EXERCISE INSTRUCTIONS:
Restate the listing word for word; omit the images.

(Beginning of DATASET EXTRACT)

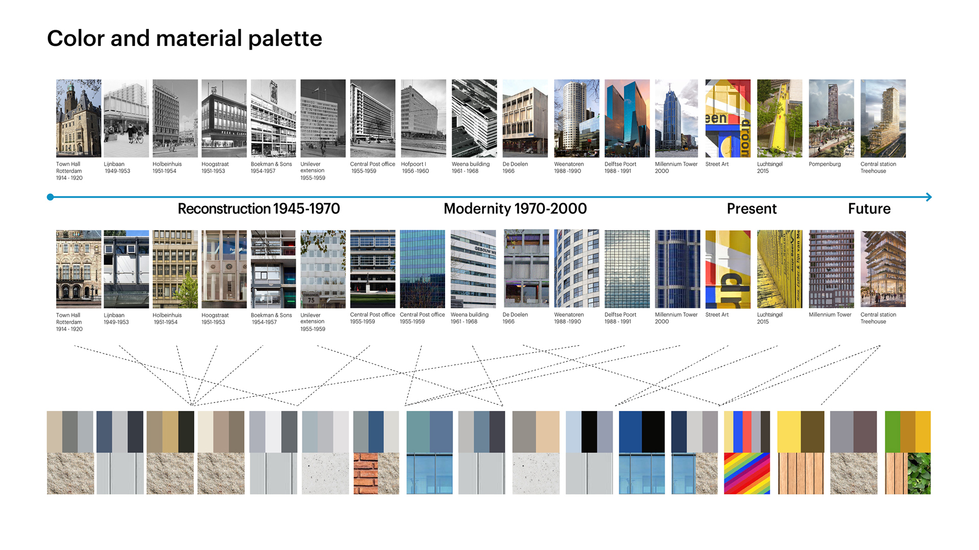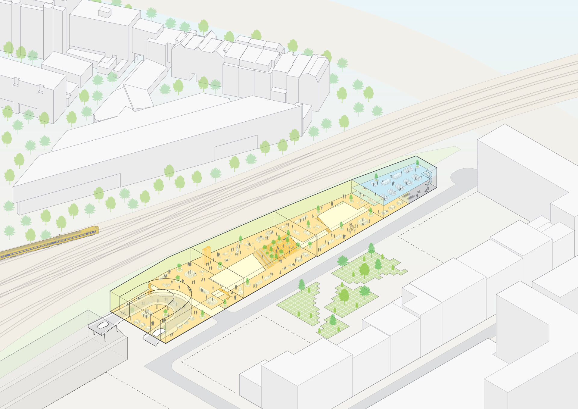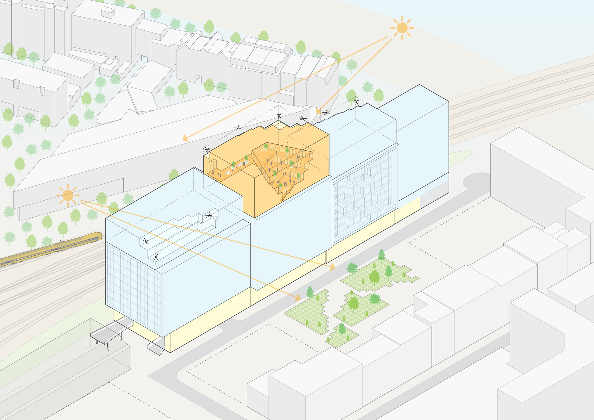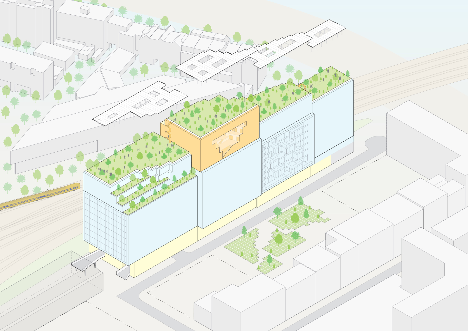The first step in this process was the building’s massing, which echoes the façade of the Schiekadeblok along Delftsestraat. The building is divided horizontally into four sections, each with a clearly defined plinth level and one or two blocks above, adding a total of 11 new “Schieblocks” to the area. The resulting composition echoes the nearby reconstruction blocks, but stacked vertically, making the plea for a “second reconstruction”; the next phase of densification for Rotterdam. As an example of how this additional densification can be achieved while maintaining the city’s quality of life, some of the top blocks are carved according to the angle of the sun, preventing shadows being cast on the homes on the other side of the railway tracks.
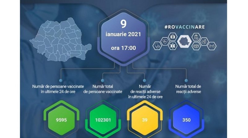 Numărul persoanelor vaccinate anti-COVID-19 a trecut de 100.000, 9595 de persoane fiind vaccinate în ultimele 24 de ore, anunţă sâmbătă Comitetul Naţional de Coordonare a Activităţilor privind Vaccinarea împotriva COVID-19 (CNCAV) care precizează că au fost înregistrate 39 de reacţii adverse ”comune şi minore”, din care 11 locale şi 28 generale.
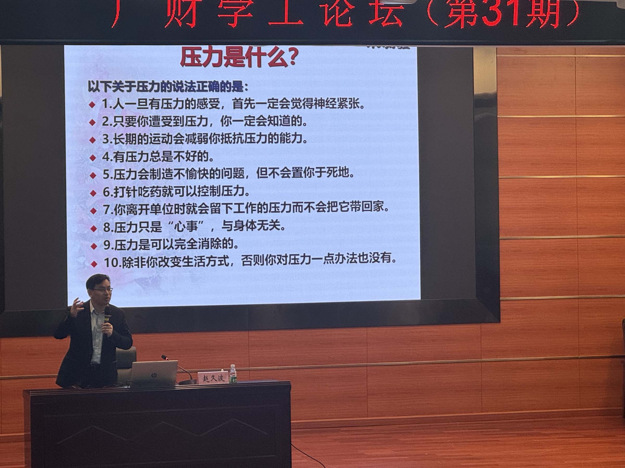 12月23日上午,学工部在广州校区勤学楼408举办第31期“广财学工论坛”,讲座主题为“直面挑战,助人自助——高校心理健康工作者的自我关怀与压力管理”。学工部部长苏明华、副部长吴斯娜、学工部相关科室人员以及各学院学生工作书记、辅导员共同参加论坛。论坛由苏明华主持。
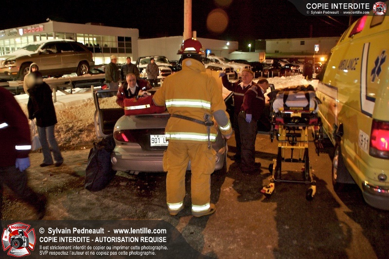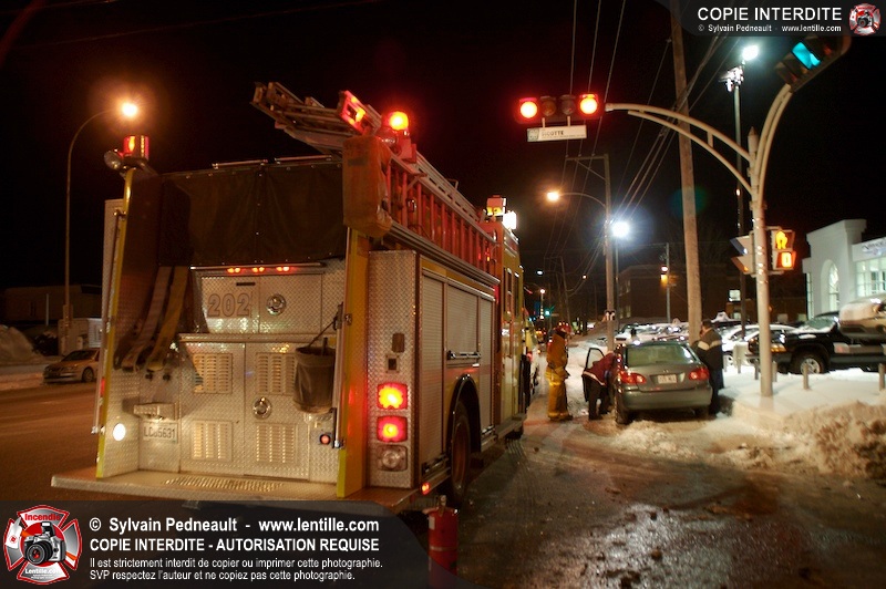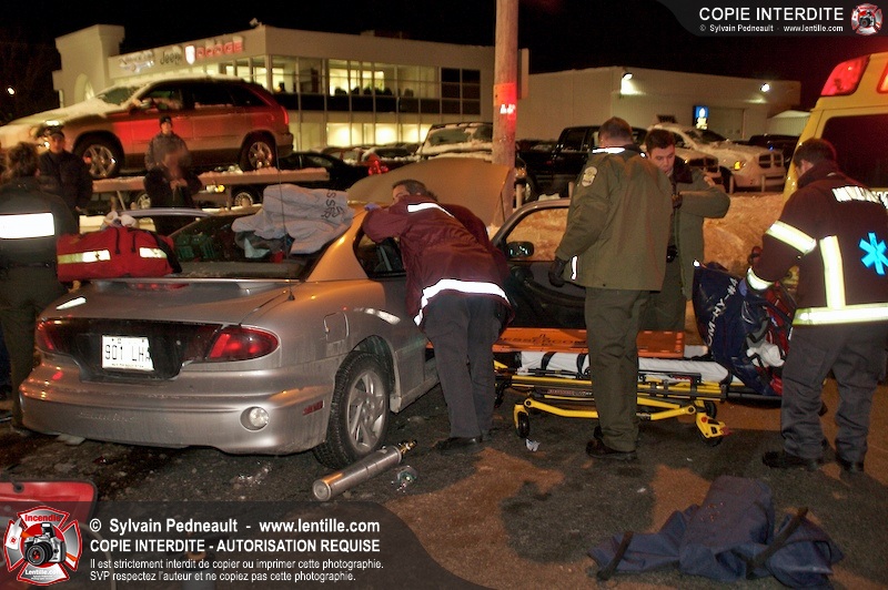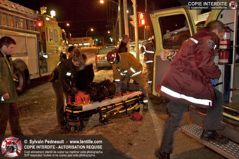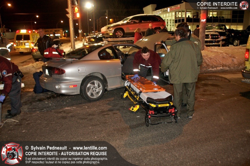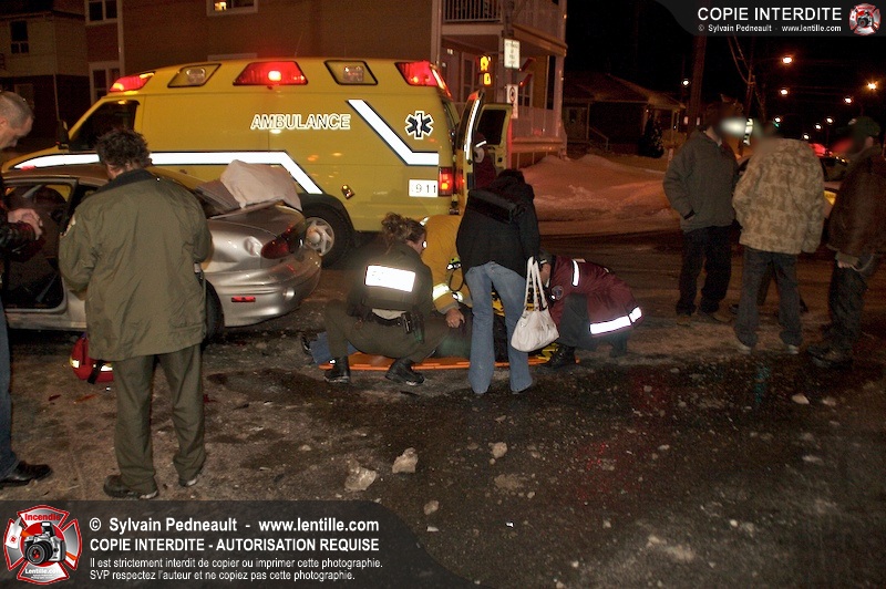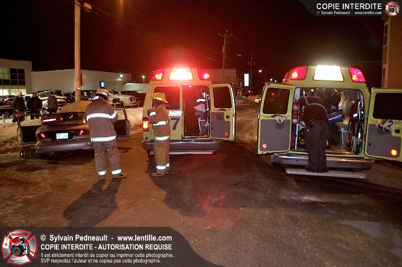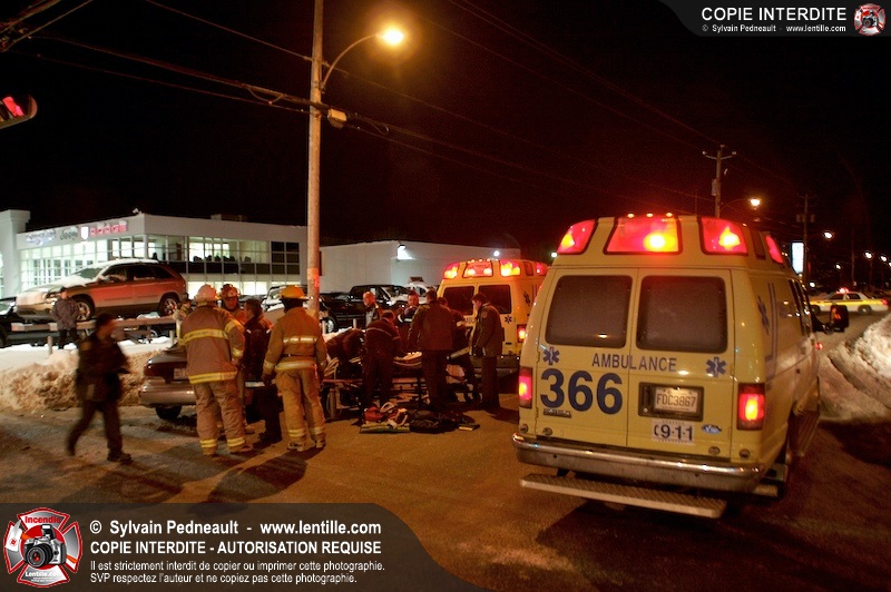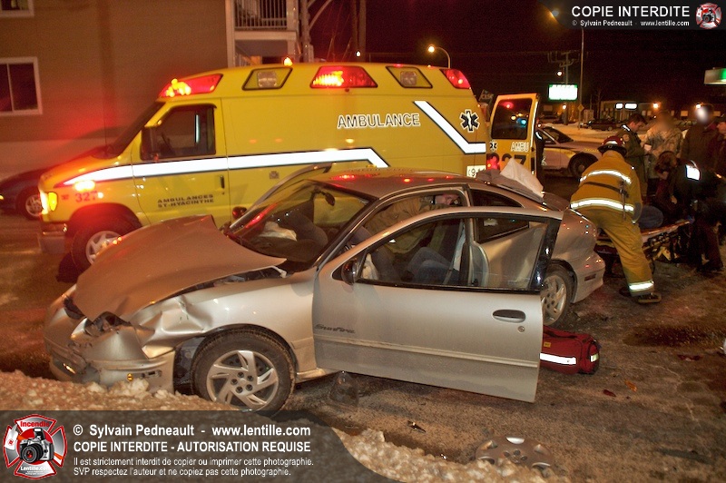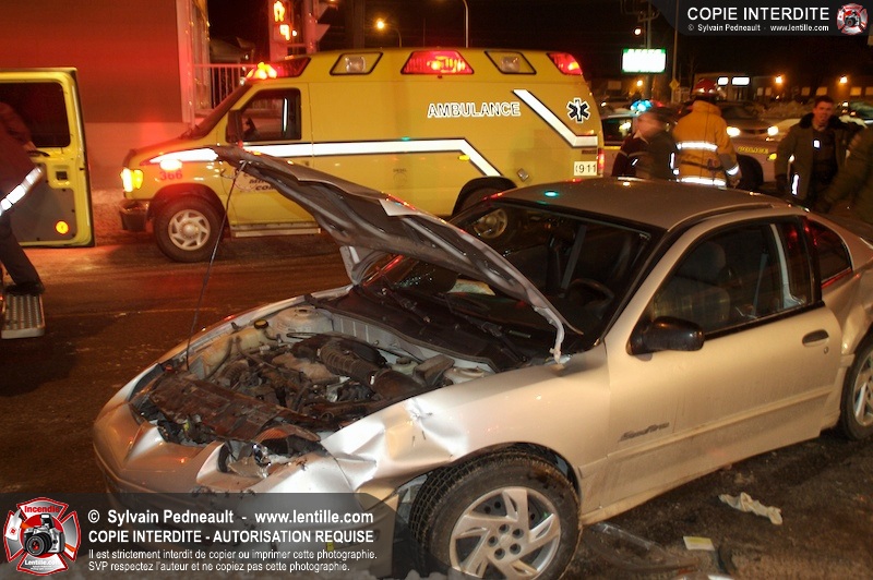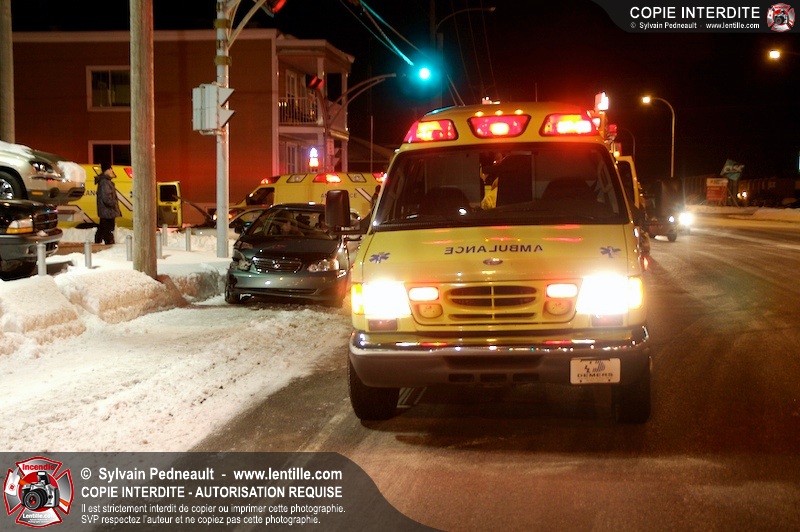 Un accident est survenu à l'intersection du boulevard Choquette et de la rue Sicotte. Trois ambulances ont été requises pour transporter les passagers des véhicules impliqués.

(End of DATASET EXTRACT)

RESULT OF THIS EXERCISE:
The first step in this process was the building’s massing, which echoes the façade of the Schiekadeblok along Delftsestraat. The building is divided horizontally into four sections, each with a clearly defined plinth level and one or two blocks above, adding a total of 11 new “Schieblocks” to the area. The resulting composition echoes the nearby reconstruction blocks, but stacked vertically, making the plea for a “second reconstruction”; the next phase of densification for Rotterdam. As an example of how this additional densification can be achieved while maintaining the city’s quality of life, some of the top blocks are carved according to the angle of the sun, preventing shadows being cast on the homes on the other side of the railway tracks.
 Numărul persoanelor vaccinate anti-COVID-19 a trecut de 100.000, 9595 de persoane fiind vaccinate în ultimele 24 de ore, anunţă sâmbătă Comitetul Naţional de Coordonare a Activităţilor privind Vaccinarea împotriva COVID-19 (CNCAV) care precizează că au fost înregistrate 39 de reacţii adverse ”comune şi minore”, din care 11 locale şi 28 generale.
 12月23日上午,学工部在广州校区勤学楼408举办第31期“广财学工论坛”,讲座主题为“直面挑战,助人自助——高校心理健康工作者的自我关怀与压力管理”。学工部部长苏明华、副部长吴斯娜、学工部相关科室人员以及各学院学生工作书记、辅导员共同参加论坛。论坛由苏明华主持。
 Un accident est survenu à l'intersection du boulevard Choquette et de la rue Sicotte. Trois ambulances ont été requises pour transporter les passagers des véhicules impliqués.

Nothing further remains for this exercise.